SONYの4ヘッドDATデッキ、DTC-2000ESです。
しばらく使用しない間に不調となったということです。
操作ボタンを押すと、ディスプレイが暴走し操作不能となります。
リモコンで操作すると暴走は起こりませんが、テープを再生しても音が出ません。クリーニングテープを長めに走らせましたが改善は見られません。
カバーを開けました。
標準のスポンジ製ヘッドクリーナーは、ヘッドを痛めますので撤去します。スポンジが変質し、ドラム周辺にこびり付いていますので、後ほど清掃します。
ミニサイズの拡大鏡を用いてヘッドチップを点検したところ、表面に汚れが付着していることが確認されましたので、楊枝などの先端の柔らかいものを用いて汚れをそぎ落とします。
無事音が出るようになりました。
ディスプレイ暴走の修理を行うためにフロントパネルを取り外します。
基板を脱着してタクトスイッチ18ケの交換を行います。
続いてメカのメンテナンスに移ります。
ローディングベルトの状態は良好です。
メカを裏返してMD基板を取り外します。
構成パーツを分解します。
リングギヤです。銀色のパーツが本来はスライドするのですが、固着しています。
製造時に処置されたグリス硬化が原因ですので、CRCで拭き取ります。
スライド部にシリコングリスを処置しました。
この機種と77ESは、リングギヤが調整式となっています。金色のナットで微調整を行います。

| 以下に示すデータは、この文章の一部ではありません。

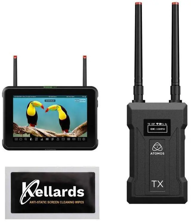 Add a bright, high-resolution on-camera monitor to your live production kit for your focus puller, director, or camera assistant with the Shinobi 7 RX HDMI/SDI HDR On-Camera Monitor/Wireless Receiver from Atomos. This 7" high-bright HDR monitor provides the ability to view 4K footage remotely via Wi-Fi while also providing remote focus and camera control in an Atomos TX/RX environment or via wired USB/serial. The Shinobi 7 RX features a 7" IPS LCD 1920 x 1080 screen that is illuminated by a bright 2200 cd/m² LED backlight, making it possible to view in daylight without requiring a hood. Plus, the screen is also color calibrated from the factory to ensure accurate image representation. Bundle with Atomos Shinobi 7 RX HDMI/SDI HDR Monitor, Atomos TX 4K/HD Wireless Video Transmitter and Anti-Static Screen Cleaning Wipes (5-Pack).

ベルトを交換し、ギヤ類を組み付けます。ギヤの差し込み部には異音防止のためグリスを塗布します。
2DDリールユニットです。ブレーキパッドの貼りつきが無いか確認し、ブレーキの効き具合を点検します。
元通り組み立てます。
トレイユニットを切り離します。プラスチックパーツ同士が擦れる箇所にグリスを処置します。
(写真は清掃前です)製造時に塗布されたグリスで汚れていますので清掃します。
ピンチローラーです。引っ張ると簡単に抜けてしまいました。
樹脂製の留め具が割れています。また、ピンチローラーのゴムが硬化しています。
ゴムを張り替えたものと交換します。
細いシリコンチューブを切断し、留め具の代用品として使用します。
テープ検出スイッチです。すでに接点復活剤が処置されていました。
メカのメンテナンスが完了しました。
ディスプレイ暴走が解消されたかどうか。また、正常に操作できるかを確認します。
入出力別、モード別の録音再生状況を確認し、修理完了です。